Of course, those savings are all on paper. Oklahomans pay state and federal taxes. Shifting the cost from one side of the ledger sheet to the other doesn't make any difference for those paying taxes into both columns.
Put another way, if you siphon gas out of your car and into your truck, you aren't saving money on truck fuel. You're just refueling your car more often. The fact that Obamacare supporters tout the government-finance version of a siphon hose as a major policy achievement shows just how flawed this law is. ...
At some point, the cost-shifting ends and payment begins. When that occurs, American taxpayers will be the ones to foot the bill, whether local, state or federal.
Fortunately, Oklahomans need not fall for the tempting delusion of "free" money from the federal government to expand Medicaid. The Supreme Court, of course, ruled this summer that states may opt out of the expansion. If Oklahoma cannot afford to expand Medicaid without help from the federal government, it really cannot afford to expand Medicaid with help from the federal government, as my colleague Brandon Dutcher explains:
State appropriations account for less than half of ... total state spending. Much of the spending is federal money, which many in the political class seem to think of as “free” money.

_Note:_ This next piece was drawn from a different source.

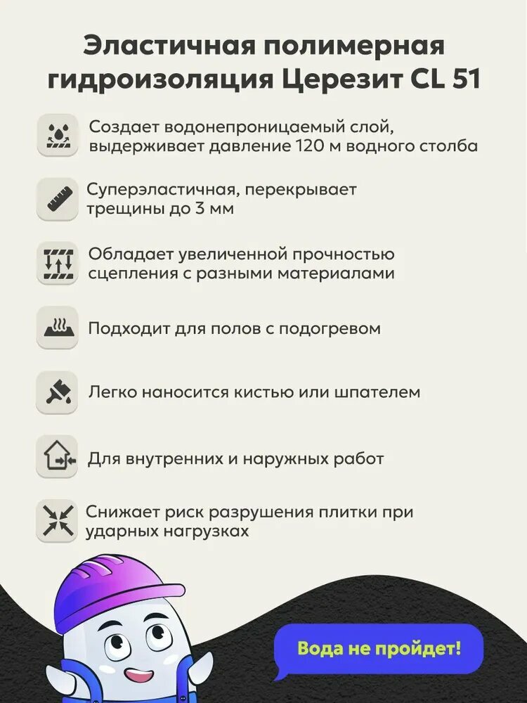 - Подводя итог, можно сказать, что гидроизоляционная смесь Церезит эластичная CL 51 является идеальным выбором для тех, кто ищет качественную готовую смесь для защиты своих построек от влаги. Надежность, долговечность, простота в применении и экологичность – вот основные преимущества этого продукта от известного производителя строительных материалов. Выбирая гидроизоляцию Церезит CL 51, вы можете быть уверены, что ваш дом или офис будут надежно защищены от негативного воздействия влаги на долгие годы.

It’s not. As Manhattan Institute fellow Heather Mac Donald recently pointed out: “The federal government’s biggest con game is promoting the fiction that federal dollars doled out to states and localities are ‘free’ money — whether the Medicaid funds at stake in the Obamacare decision, food-stamp reimbursements, job-training money or grants to local colleges for minority education in the sciences. …
“Federal transfers are not even a zero-sum proposition; they are a negative-sum proposition, leaking value at every step of the way, thanks to the costs of collecting federal tax dollars, then trickling them back out to the states’ own costly bureaucracies via federal paper-pushers who write and oversee grant programs.

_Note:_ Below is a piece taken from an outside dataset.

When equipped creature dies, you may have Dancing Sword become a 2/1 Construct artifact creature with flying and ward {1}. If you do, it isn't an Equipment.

“And yet this massive Ponzi scheme allows the federal government to wield enormous power in the illusion that it is conferring on states and cities free money from some mysterious external source outside of their own businesses and residents. (The only arguable source of such money from beyond local sources would be money borrowed from China, say, which then gets magnanimously doled out to the states by wise federal bureaucrats, but even there, we — not ‘Washington’ — pay the interest on the borrowed funds.)”

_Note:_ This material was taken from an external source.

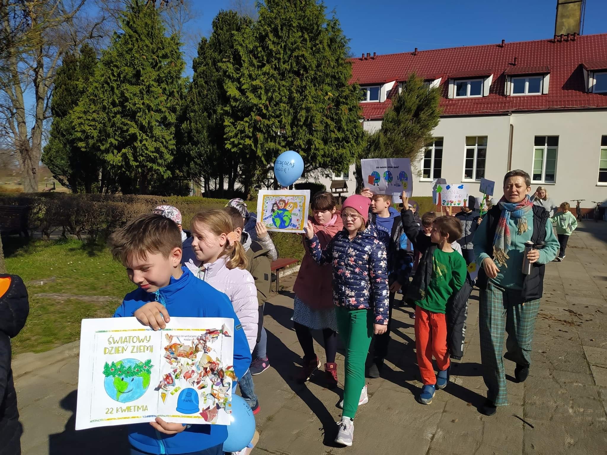 Z okazji obchodów Dnia Ziemi uczniowie klas I-III odbyli cykl zajęć mających na celu uświadomienie wszystkim, jak ważną sprawą jest dbanie o nasze wspólne dobro, jakim jest nasza planeta Ziemia. Dzieci już wiedzą, że to od nas wszystkich zależy, jakim powietrzem będziemy oddychać i jaką Ziemię zostawimy przyszłym pokoleniom. Dlatego na wspólnym happeningu przyświecało nam hasło "Zostań Ziemi przyjacielem, Ziemię z nami chroń".

Some Oklahoma politicians object that they shouldn’t take the rap for their spending spree because this federal money is the federal government’s problem. But of course that doesn’t wash. No one is forcing state policymakers to chase all this federal money. Moreover, chasing the federal money spurs higher state spending.
In fact, even just maintaining Medicaid could require states to cut education funding or raise taxes. In light of that fact, Oklahomans should arguably be discussing whether to go nuclear on Medicaid instead of whether to expand it.
If that sounds extreme, consider a basic truth that too often goes unobserved: Money does not equate with good health (or, for that matter, a worthwhile education or effective law enforcement). Throwing more money into a broken system does nothing but waste money. If we're serious when we say we want Oklahomans to be healthy, we won't just look to the government for more dollars to cover the cost of medications and procedures. Instead, we'll take care of ourselves, exercising and eating wisely -- and we won't need a push from the First Lady or a heavy-handed government ban on sugary sodas to do it. We'll forgo vacation or the latest household appliances or appealing upgrades to our cars to voluntarily purchase health insurance.
Yes, we need policy solutions to the rising costs of and lack of universal access to health care, but we also need private solutions. The best part about such solutions: We don't have to wait for lawmakers to enact them. If good health and the insurance coverage to ensure it isn't a priority for individual Americans, why should it be a priority of the government? Surely we're not yet so uncivilized as to need government officials to force us to do what is wise.
A mature response to the reality that life is precarious might be to support the creation of a government-run health care system (leaders in Britain and Canada, among others, seem to think so), but I'd argue the more mature response would be to develop personal discipline, prudence and humility -- discipline to maintain good health, prudence to provide for unavoidable health disasters (i.e. buy insurance!) and humility to accept that, no matter how advanced medicine becomes or how desirable and good it can be for us to avail ourselves of life-extending options, illness and death have ever been a part of the human condition and ever will be.